Beginning in 2012 ION began addressing the role of orality in Theological Education in consultations:
Wheaton (2012) Beyond Literate Western Models: Contextualizing Theological Education in Oral Contexts
Hong Kong (2013) Beyond Literate Western Practices: Continuing Conversations in Orality and Theological Education
Houston & Asbury Seminary (2014) Beyond Literate Western Contexts: Honor & Shame and Assessment of Orality Preference
Two additional Theological Consultations have occurred by with no published papers or books to date: Oklahoma (2015) and Daystar University (2016).

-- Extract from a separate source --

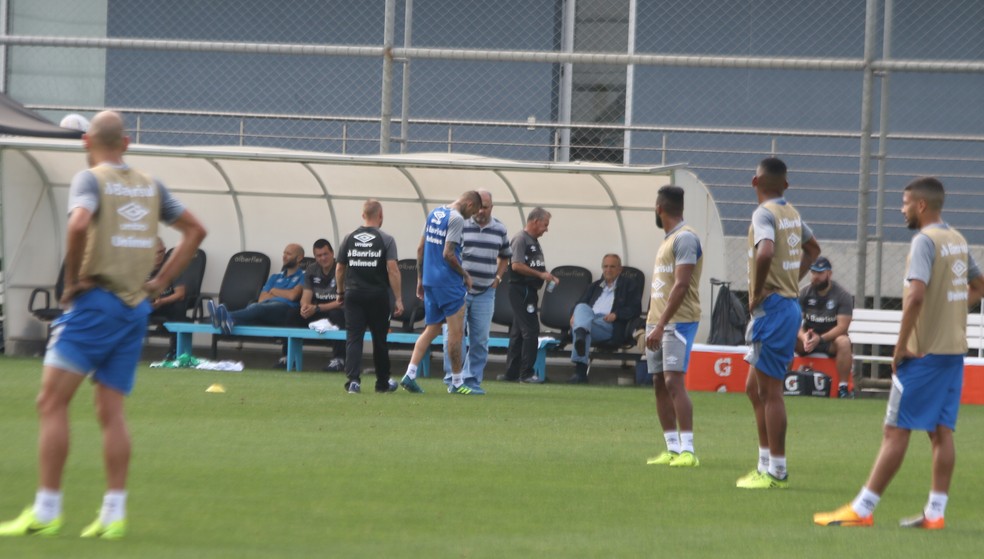 A boa notícia da manhã foi a participação de Pedro Geromel em sua primeira atividade com bola. O zagueiro trabalhou normalmente no treinamento em campo reduzido, de três equipes, mas era um curinga, para evitar intensidade maior. No trabalho, um time precisava marcar o gol, enquanto outro necessitava passar em área delimitada no meio-campo.

The movement to see the needs of oral students in education and in theological education is being brought to the forefront and is actively being addressed. Orality Assessments projects are underway to help educators understand the level of orality their students operate in. Teachers have begun to take note there are oral-preference students, or “digitorals” in their classrooms. These students prefer watching to reading, screens to paper, interacting to writing, dialoguing to listening to lectures, and group activities to individual activities. The Theological Education Consultations began to identify vocabulary and categories of oral preference learners. A continued effort is needed to address required changes that must be made. Educational institutions that have led the way in helping others to begin to respond to the need for orality based strategies are the Cook School of Intercultural Studies, at Biola with Tom Steffen who launched the courses beginning with “Narrative in Scripture and Ministry” as far back as 1995 because of his work with NTM. This work led the launch in 2011 for a graduate concentration in orality that addresses primary and secondary orality. Roberta King also began putting orality based coursed in place in 2004 with “Communicating Christ through Oral Performance: Storytelling & Song” at the School of Intercultural Studies, at Fuller Theological Seminary. Others have followed such as Oklahoma Baptist with an orality minor in 2007.